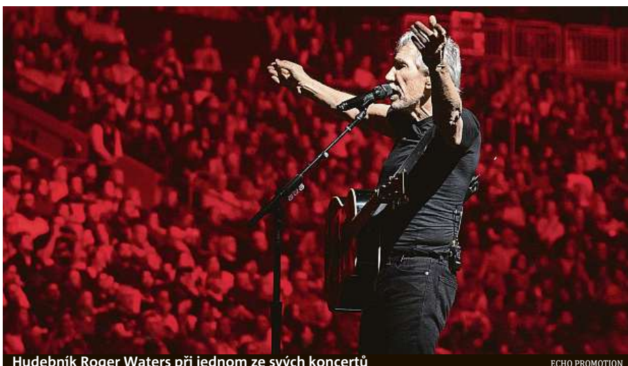
Hudebník Roger Waters při jednom ze svých koncertů

Anglický hudebník, skladatel a zpěvák Waters stál u počátků kultovní kapely Pink Floyd, která od šedesátých let svými hity ovlivňovala prostředí rockové hudby. Sám Waters se v sedmdesátých letech stal hlavním textařem kapely, velký vliv měl i po hudební stránce. Z jeho pera
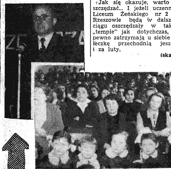
Do zebranych przemawia dyrektor szkoły ob. Tyski.
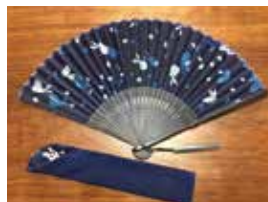
申込番号 W35 藍型染扇子 (うさぎ柄)

阿波藍で染めた扇子です。うさぎ柄を型染め技法で濃淡に染めました (扇子21cm×38cm(開いた状態))
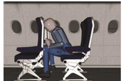
Image : Fabrication du siège (à gauche), confort thermique sur siège chauffant (milieu) et test HIC (à droite), réalisés virtuellement avec ESI Virtual Seat Solution
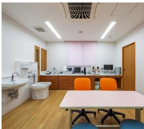
生化学検査など様々な検査に 対応いただいております。
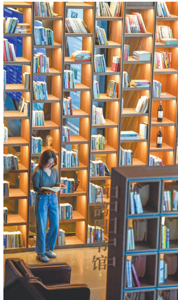
图书馆让西鸽酒庄多了几分书卷气。
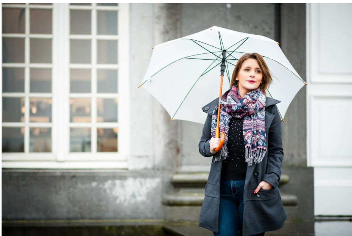
Portrait réalisé au 85mm, à f/2, 1/400s, 400 ISO

Je prends souvent une seule optique pour mes shootings portrait. C'est d'ailleurs le seul objectif dont je ne me sépare jamais pour une séance portrait, je parle du petit télé 85mm f/1.8. Vous pouvez aller plus loin en allongeant l'exercice sur une durée d'une semaine, un mois, et même plus. C'est à vous de le sentir... Cet exercice est des plus faciles avec une focale fixe. Cependant, si vous utilisez un zoom, je vous suggère de simplement choisir une longueur focale, 50mm au hasard □, et de ne plus y toucher (pendant la durée du shooting). L'idée est de vous familiariser avec le comportement d'une longueur focale particulière. Après quelque temps, une journée, une semaine ou un mois selon vos envies, passez à une autre longueur focale (24mm, 85mm ou 200mm).
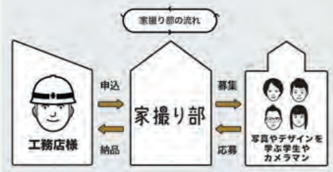
「工務店-アマチュアカメラマン-施主」がウィン・ウィンの関係になれるのが家撮り部のサービス。

「家撮り部」では、工務店さんやリフォーム会社さんが自社サイトなどで紹介する「施工写真」を撮影しています。ただし、基本的にプロのカメラマンが撮るのではなく、建築や写真を勉強している学生やアマチュアのカメラマンにより撮影するのが大きな特徴です。アマチュアのカメラマンは建築写真に興味があっても、なかなか実際の家を撮る機会がありません。一方、工務店さんなどは、自社の施工写真を撮影するのに大きいコストを捻出してプロのカメラマンに依頼するしかなく、現実的には、クオリティ面を妥協して自分たちで撮っている場合が多いようです。その間を埋めるサービスで、両者の想いをリンクさせた形が「家撮り部」。アマチュアのカメラマンは謝礼をもらいながら建築写真を勉強できて、工務店さんは安価で質の高い写真を得られるわけです。建築写真に特化しているサービスは他にもありますが、アマ
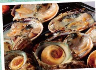
南知多産 サザエつぼ焼き
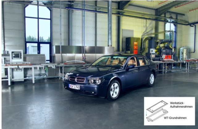
Leichtmetall - Gussteile für die PKW - Innenausstattung

Das staufähige Werkstückträger - System LFS mit WT - lang . Verschiedenartigste automatische Bearbeitungs - und Prüfschritte bei der Oberflächenveredelung von Leichtmetall - Gussteilen in der Automobil - Zulieferindustrie .
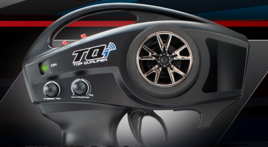
TQi® 2.4GHz Radio System
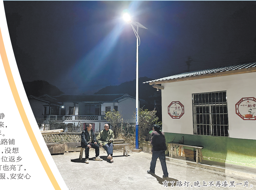
有了路灯,晚上不再漆黑一片。
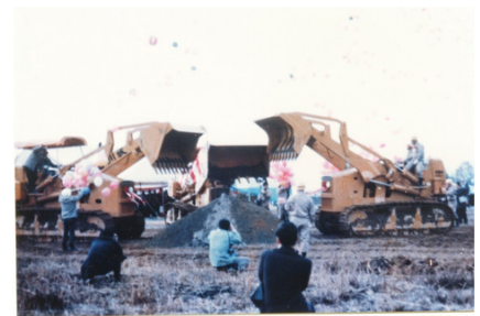
北陸自動車道着工

══════

THE TASK = The preceding listing must be repeated exactly, with all images dropped.

SOLUTION TO THE PROBLEM =
Hudebník Roger Waters při jednom ze svých koncertů

Anglický hudebník, skladatel a zpěvák Waters stál u počátků kultovní kapely Pink Floyd, která od šedesátých let svými hity ovlivňovala prostředí rockové hudby. Sám Waters se v sedmdesátých letech stal hlavním textařem kapely, velký vliv měl i po hudební stránce. Z jeho pera
Do zebranych przemawia dyrektor szkoły ob. Tyski.
申込番号 W35 藍型染扇子 (うさぎ柄)

阿波藍で染めた扇子です。うさぎ柄を型染め技法で濃淡に染めました (扇子21cm×38cm(開いた状態))
Image : Fabrication du siège (à gauche), confort thermique sur siège chauffant (milieu) et test HIC (à droite), réalisés virtuellement avec ESI Virtual Seat Solution
生化学検査など様々な検査に 対応いただいております。
图书馆让西鸽酒庄多了几分书卷气。
Portrait réalisé au 85mm, à f/2, 1/400s, 400 ISO

Je prends souvent une seule optique pour mes shootings portrait. C'est d'ailleurs le seul objectif dont je ne me sépare jamais pour une séance portrait, je parle du petit télé 85mm f/1.8. Vous pouvez aller plus loin en allongeant l'exercice sur une durée d'une semaine, un mois, et même plus. C'est à vous de le sentir... Cet exercice est des plus faciles avec une focale fixe. Cependant, si vous utilisez un zoom, je vous suggère de simplement choisir une longueur focale, 50mm au hasard □, et de ne plus y toucher (pendant la durée du shooting). L'idée est de vous familiariser avec le comportement d'une longueur focale particulière. Après quelque temps, une journée, une semaine ou un mois selon vos envies, passez à une autre longueur focale (24mm, 85mm ou 200mm).
「工務店-アマチュアカメラマン-施主」がウィン・ウィンの関係になれるのが家撮り部のサービス。

「家撮り部」では、工務店さんやリフォーム会社さんが自社サイトなどで紹介する「施工写真」を撮影しています。ただし、基本的にプロのカメラマンが撮るのではなく、建築や写真を勉強している学生やアマチュアのカメラマンにより撮影するのが大きな特徴です。アマチュアのカメラマンは建築写真に興味があっても、なかなか実際の家を撮る機会がありません。一方、工務店さんなどは、自社の施工写真を撮影するのに大きいコストを捻出してプロのカメラマンに依頼するしかなく、現実的には、クオリティ面を妥協して自分たちで撮っている場合が多いようです。その間を埋めるサービスで、両者の想いをリンクさせた形が「家撮り部」。アマチュアのカメラマンは謝礼をもらいながら建築写真を勉強できて、工務店さんは安価で質の高い写真を得られるわけです。建築写真に特化しているサービスは他にもありますが、アマ
南知多産 サザエつぼ焼き
Leichtmetall - Gussteile für die PKW - Innenausstattung

Das staufähige Werkstückträger - System LFS mit WT - lang . Verschiedenartigste automatische Bearbeitungs - und Prüfschritte bei der Oberflächenveredelung von Leichtmetall - Gussteilen in der Automobil - Zulieferindustrie .
TQi® 2.4GHz Radio System
有了路灯,晚上不再漆黑一片。
北陸自動車道着工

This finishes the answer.